Trenler için bilgisayar simülasyonlarına benzer şekilde, uçaklar için olanlar da yer alır. AB projesi ADVENT’in bir parçası olarak Göttingen’deki yeni bir uçak laboratuvarında buna karşılık gelen bir deney yakında başlayacak.

DLR Havacılık Başkanı Prof. Rolf Henke: “Uçak kabinleri bağımsız sistemlerdir ve halihazırda yüksek düzeyde hava kirliliği kontrolüne sahiptir. Kabinlerde yayılan virüsle ilgili araştırmamız, yolcuların enfeksiyondan korunmasına yardımcı olmalı ve şu soruya yanıt bulmalı: Gelecekte uçmak nasıl güvenli olabilir?”


Neden DLR aerodinamikçileri tarafından inceleniyor?



Araştırma, Göttingen’deki DLR Aerodinamik ve Akış Teknolojisi Enstitüsü tarafından yürütülüyor. Bu, yıllardır uçak ve trenler için kabin iklimlendirme alanında lider olmuştur. Enstitü müdürü Prof. Andreas Dillmann, “Şimdiye kadar, yolcuların konforuna ve klimanın enerji gereksinimlerine odaklanıldı” diyor. “Artık yolcu kabinlerinde virüslerin yayılmasını araştırmak için geliştirdiğimiz bilimsel araçları kullanabiliriz.”

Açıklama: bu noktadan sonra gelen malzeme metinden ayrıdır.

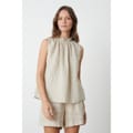 Discover the elegance of Velvet by Graham & Spencer with this sleeveless top. Featuring a high neck and adorned with ruffle embellishments, this solid pattern piece offers a regular fit, making it a versatile addition to your wardrobe. -
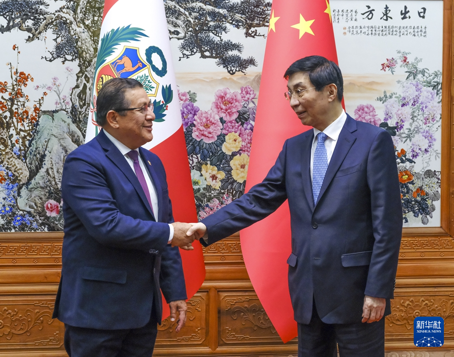 全國政協(xié)主席王滬寧6日在京會(huì)見秘魯國會(huì)主席薩盧安納。
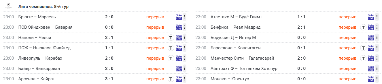 Результаты матчей после первого тайма на ваших экранах.
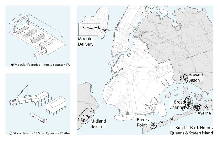 To expedite Superstorm Sandy recovery efforts in Queens and Staten Island, Build-it-Back turned to modular construction. Gans & Company designed twenty housing prototypes which responded to specific Build-it-Back program guidelines, zoning regulations, and local fire code. These prototypes became 83 houses, with modules constructed in Pennsylvania and delivered and installed in coastal neighborhoods in Staten Island and Queens.

Neler dikkate alınmaz – veya başka bir yerde



Göttingen DLR araştırmacıları, yalnızca virüslerle kontamine olmuş damlacıklara karşılık gelen fiziksel parçacıkların yayılmasını araştırıyorlar. Bu damlacıkların bulaşıcılığı hakkında herhangi bir açıklama yapamazlar. Göttingen araştırmacıları ayrıca şu anda uçaklarda kullanılanlar gibi hava filtrelerinin etkisini incelemiyor. Bu konu, diğerlerinin yanı sıra Köln’deki DLR Havacılık ve Uzay Tıbbı Enstitüsünde araştırılmaktadır.


görünüm



Yakın zamanda başlatılan araştırmanın ilk sonuçlarının önümüzdeki haftalarda alınması beklenebilir. Ancak bazı deneyler aylarca devam edecek. Tüm bulgular yayınlanacak ve endüstrideki ortakların kullanımına sunulacaktır.